(Task statement)
Nothing but the lines from the one holding "A OAB Bahia, em" through the last line of the material below should be set down, exactly and without images.

(Collected material)
────

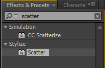 8.在Effects & Presets 特效面板中展开Stylize(风格化)卷展栏,然后将Scatter(分散)特效命令拖拽到文字上。
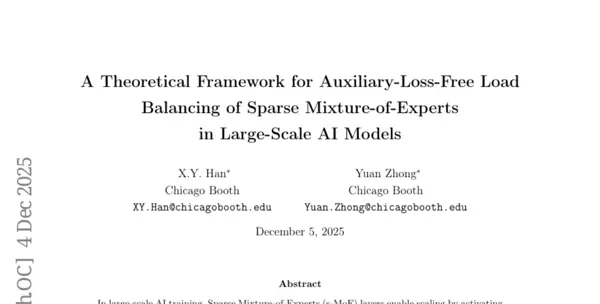 芝加哥大学商学院的研究者X.Y. Han与Yuan Zhong于2025年12月5日联合发表了一项重要研究成果(论文编号arXiv:2512.03915v2),深入探讨了名为“稀疏专家混合模型”(s-MoE)的先进AI架构。该模型如同一个高度智能化的任务调度中心,能够在每一时刻动态选择最合适的若干专家参与当前运算。研究重点聚焦于分析并优化一种由DeepSeek团队提出的“无辅助损失负载均衡”(ALF-LB)算法,并将其成功应用于DeepSeekV3模型之中。
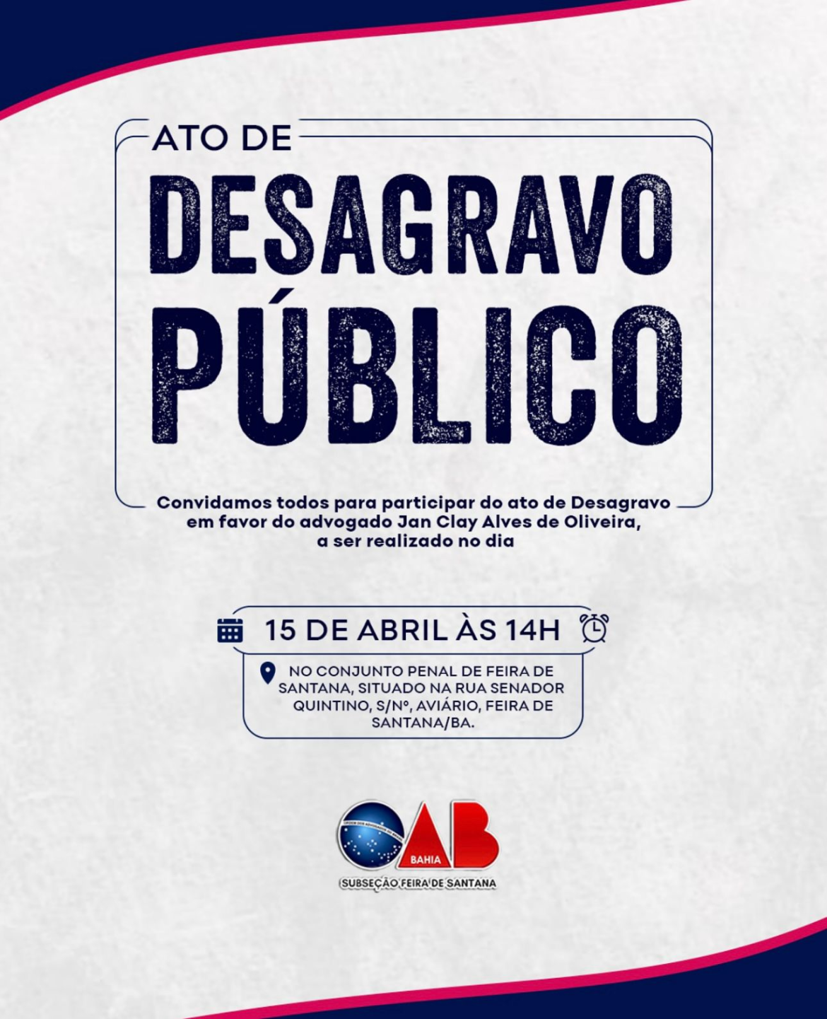 A OAB Bahia, em parceria com a OAB Subseção Feira de Santana, realizará nesta terça-feira (15), às 15 horas, no Município, um desagravo público em favor do advogado Jan Clay Alves de Oliveira. A ação acontecerá no Conjunto Penal de Feira de Santana, localizado na rua Senador Quintino.
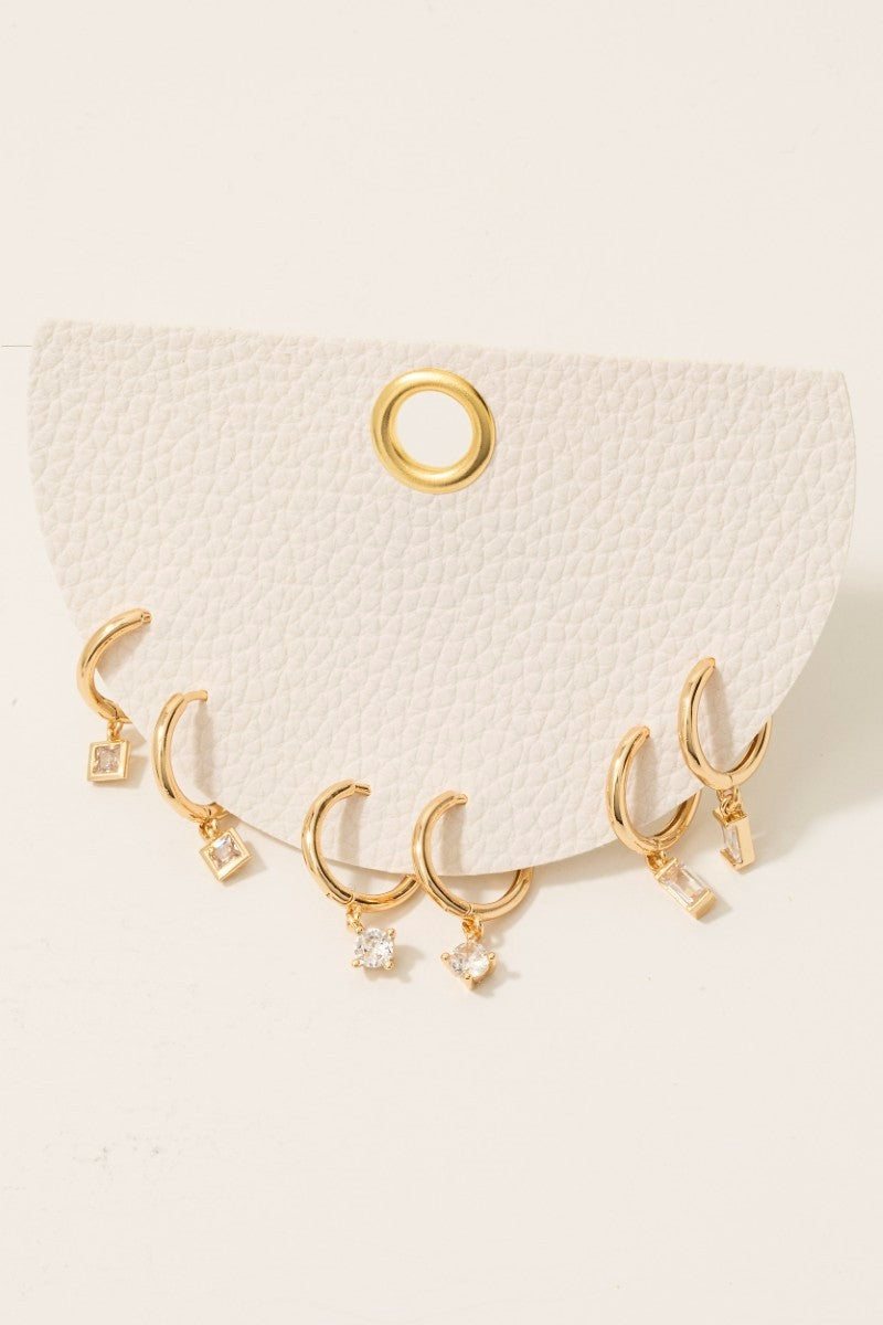Three Pair Rhinestone Drop Hoop Earrings Set

────

(Task response)
 A OAB Bahia, em parceria com a OAB Subseção Feira de Santana, realizará nesta terça-feira (15), às 15 horas, no Município, um desagravo público em favor do advogado Jan Clay Alves de Oliveira. A ação acontecerá no Conjunto Penal de Feira de Santana, localizado na rua Senador Quintino.
Three Pair Rhinestone Drop Hoop Earrings Set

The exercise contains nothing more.